Béla Zulawszky (Slovak: Vojtech Zulawszky) (23 October 1869 - 27 October 1914) was a Slovak-Hungarian fencer. He won a silver medal in the individual sabre event at the 1908 Summer Olympics. He was killed in action during World War I.

==Biography==
Béla Zulawszky graduated from university in 1897 and then became a gymnastics teacher at the military academy in Koszeg, Hungary.
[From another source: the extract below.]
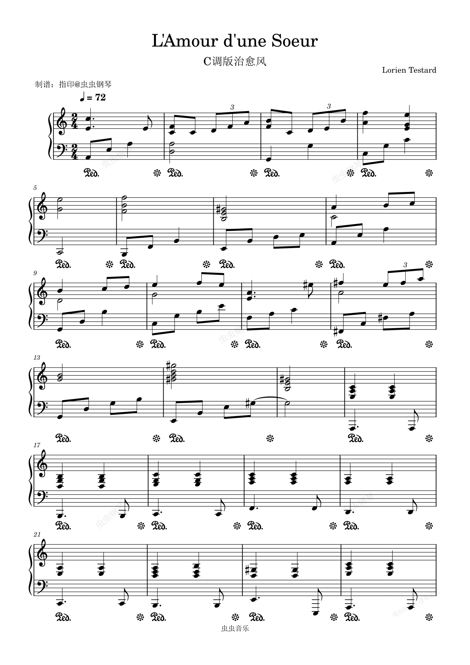 钢琴谱:C调版治愈风《L'Amour d'une Soeur 》
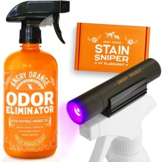 ANGRY ORANGE Pet Odor Eliminator for Strong Odor - Citrus Deodorizer for Strong Dog or Cat Pee Smells on Carpet, Furniture & Indoor Outdoor Floors - Puppy Supplies - (24 Fl Oz + UV Flashlight)

He was a member of the Magyar Atlétikai Club in Budapest and also taught fencing. Zulawszky competed at both the 1908 and 1912 Olympics in all three weapons, winning silver in individual sabre in 1908. He joined the Hungarian Army in 1912 as an officer, eventually becoming a major. He was killed in Sarajevo in the early days of World War I, in October 1914.